It is also possible to configure the /etc directory to be transient as well. For more, see Filesystem.

The /run directory

The /run directory is an API filesystem that is defined to be deleted when the system is restarted. It is a best practice to use this directory for transient files.

Dynamic reconfiguration models

Pull

A common pattern is to contact a remote network server for dynamic configuration state. This is effectively how Kubernetes operates - the API server defines the desired state of the system, and machines reconcile to that state.

In this model, you may either include code directly embedded in your base image or a privileged container that contacts the remote network server for configuration, and itself spawns further container images (for example, via the podman API).

Push

Instead of a "pull" based model, at least some workloads may best match a "push" model, as implemented by tooling such as Ansible.

Example subsystems and tools

systemd

For systemd units, there is full support for dynamic transient reconfiguration or launching new services by writing to the /run/systemd directory. For example, systemctl edit --runtime foo.service will allow dynamically changing the configuration of the foo.service unit, without persisting the changes.

NetworkManager

There is a /run/NetworkManager/conf.d directory for applying temporary network configuration.

The nmcli connection modify command by default writes persistent changes; there is a --temporary flag that can be used to make changes only in memory.

podman

The default for podman run is to create a container that will persist across system reboots. The --rm flag can be used for transient containers. For more on this, see Running containers as well as the Podman documentation.
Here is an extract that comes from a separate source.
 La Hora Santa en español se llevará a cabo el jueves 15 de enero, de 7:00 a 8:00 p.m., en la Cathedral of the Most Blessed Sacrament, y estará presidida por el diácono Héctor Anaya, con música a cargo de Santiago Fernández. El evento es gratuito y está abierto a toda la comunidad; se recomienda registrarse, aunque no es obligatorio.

Injecting code dynamically

In many cases of dynamic reconfiguration, a tool may want to execute code on the host filesystem, perhaps copying it over SSH - for example, Ansible does this.
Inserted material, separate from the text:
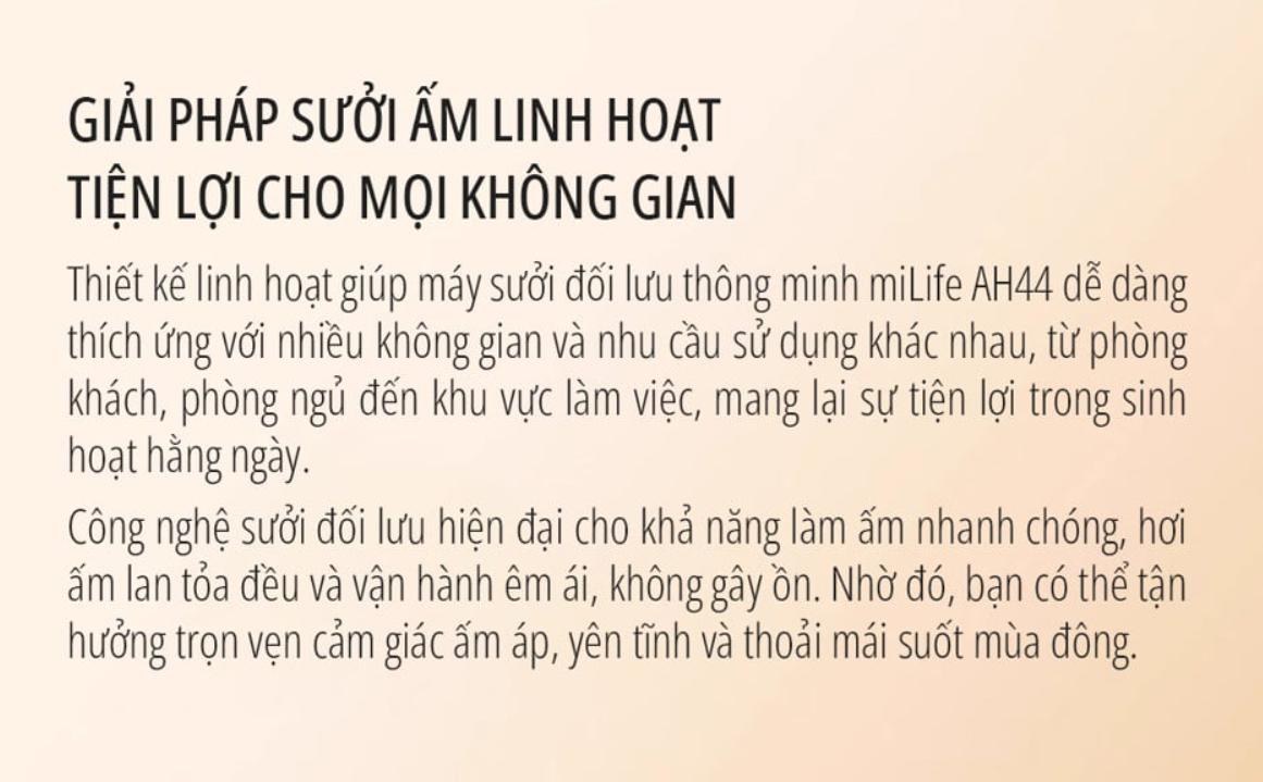 Khác với các loại máy sưởi dùng quạt thổi trực tiếp, máy sưởi đối lưu miLife AH44:

But even "systems management" agents that run as a container may still have a need to execute code.

Often some of these tools need to handle a diverse set of operating systems.

The recommendation is to place this dynamic code in /tmp by default. A benefit of this location is that it’s clear that the code is only temporary and should go away on reboot. Some systems may attempt "hardening" by making /tmp be mounted noexec, but that’s always been trivial to bypass by writing a file and then pointing the interpreter at it (e.g. /bin/bash /tmp/myfile instead of just executing /tmp/myfile).

Specifically placing it in e.g. /root may cause it to persist across reboots, which is commonly not desired.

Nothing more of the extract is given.